In it various forms, which over the years have become more and more advanced, creatine has been recognized by the scientific community and the hard training athlete as a product that delivers on its promise of improved strength and enhanced muscle size.
However, creatine (basically a fuel source for ATP, which is an energy system used for short bursts of power) is a product not without its share of controversy. Creatine has been viewed as a potentially harmful product by some
authorities. It has since been shown that if used correctly, it is one of the safer supplements to take. Also, some forms of creatine are thought to be superior to others. This we will discuss later.
What we do know is that creatine works, and works well for the majority of people who use it as a regular part of their sporting/exercise program. In this article we will review creatines benefits, some important studies to back its
efficacy, its broader applications, and the populations who will benefit most from its use.
Creatines Benefits, What Does It Do?
One of the most heavily researched supplements in the history of sports nutrition (over 200 studies to date, over the last decade), creatines efficacy cannot be denied.
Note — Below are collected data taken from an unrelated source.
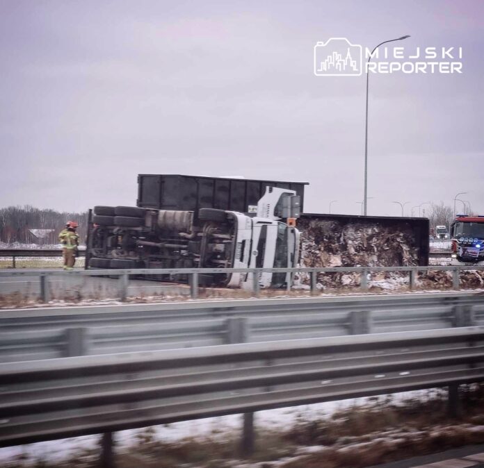 Ciężarówka przewożąca śmieci wywróciła się na bok na trasie S7 na Ursynowie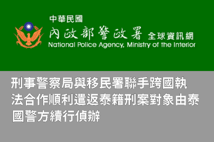 刑事警察局與移民署聯手跨國執法合作 順利遣返泰籍刑案對象 由泰國警方續行偵辦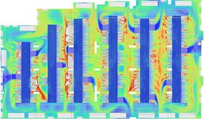 These simulations offered valuable observations regarding cooling challenges and hot spots both inside and outside the Data Centers. Identifying areas with temperatures above optimal thresholds contributed to a more efficient thermal design for a large-scale and demanding project.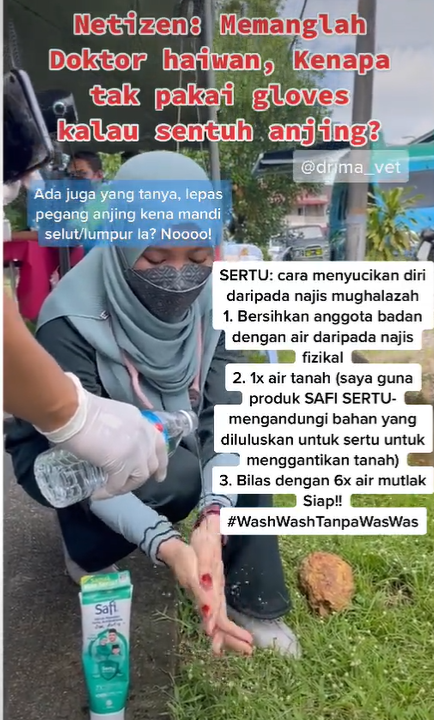 依玛说,也有一些人会询问穆斯林兽医,在触摸狗后需不需要洗泥浴(mandi selut),但其实只要以穆斯林的洗净仪式(Sertu),洁净双手和沾染处即可。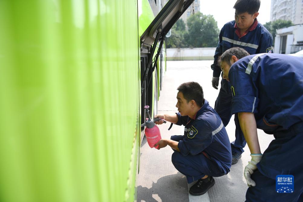 8月9日,河北省涿州市838路公交總站工作人員對車(chē)輛進(jìn)行養護。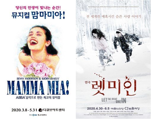 뮤지컬 <맘마미아!>, 연극 <렛미인> 공연 취소

But exactly what benefits will it provide?
1. High Intensity Work:
Creatine enhances the body's capacity to perform high intensity work (and assists greater muscle size and
greater performance as a result).
Creatine phosphate (creatines high energy molecule form, stored within cells) is used to supply the type 11b muscle fibers (fast-twitch high-glycolytic; the ones that get largest in size) with immediate energy, ensuring these muscles do not prematurely fatigue.
This strengthens muscular contraction of these fibers, and helps the athlete to pump out more reps, sprint at a faster rate, or engage more forcefully in whatever sport or type of exercise they take part in. Supplementing with
creatine allows the muscles to store more of this high-energy molecule to provide greater gains in strength and muscle.
Creatine used in this manner is regarded as a high-energy phosphate, and its role in energy production cannot be overstated. Whenever the body uses energy, a molecule called ATP (an adenosine with a tail of three phosphate groups, hence its name Adenosine Tri Phosphate) is used as an energy source - as a fundamental energy donor.